This year’s fellowship, which is the sixth edition, will cut across anglophone West Africa.
Which Countries are Eligible?
African countries
What Type of Award is This?
Fellowship
Who is Eligible?
To apply, applicants must meet the following criteria:
- Applicants must be full-time employees of a media organisation, especially from grassroots communities (television, online media, radio, and print)
- Applicants must be citizens residing in Nigeria, Ghana, Sierra Leone, Liberia, or The Gambia.
- Applicants must possess exceptional writing skills.
- Applicants must be able to translate stories from English to one indigenous language.
- Applicants must be willing to dedicate time to activities, events, and meetings that will arise during the fellowship.
- Applicants from Ghana and other election-observing countries must be prepared to work with the DUBAWA team during the 2024 general election in any of our target election-monitoring countries.
- If selected, applicants must provide a managerial buy-in from their newsroom management that authorises them to undergo this fellowship and provides an assurance that fact-checks will be widely circulated or published on their media platforms without interference. Also, the institution will embrace fact-checking and set up a unit for it.
- Female journalists and journalists with disabilities (PWDs) are encouraged to apply.
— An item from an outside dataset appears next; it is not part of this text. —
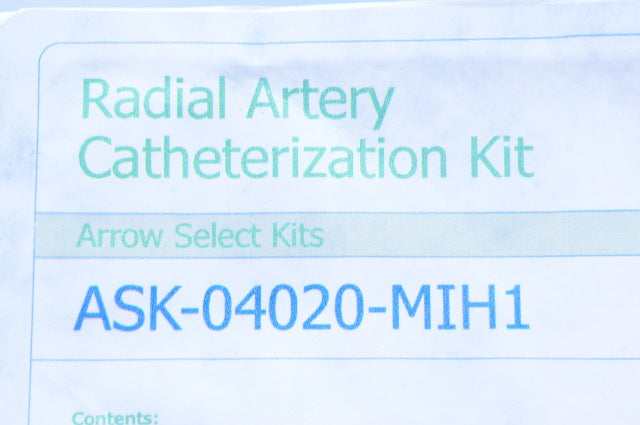 Arrow ASK-04020-MIH1 Radial Artery Cath. Kit 20Ga x 4.45 cm x .018 inch (x)

- Journalists who are knowledgeable in climate and conflict reporting can also apply.
- Journalists who can write fluently in any indigenous language across Nigeria, Ghana, Sierra Leone, Liberia and The Gambia are encouraged to apply.
- Knowledge and experience in fact-checking are not required.
Female journalists are encouraged to apply. Knowledge and experience in fact-checking are not required.
What is the Benefit of Award?
- Duration: Six months.
- Training and mentorship of fellows
- Support: Fellows will receive hands-on technical training based on current realities and trends in the fact-checking world. This will be followed by one-on-one project mentorship by the fact-checking team from DUBAWA. Fellows will also receive additional support to establish fact-checking desks in their newsrooms.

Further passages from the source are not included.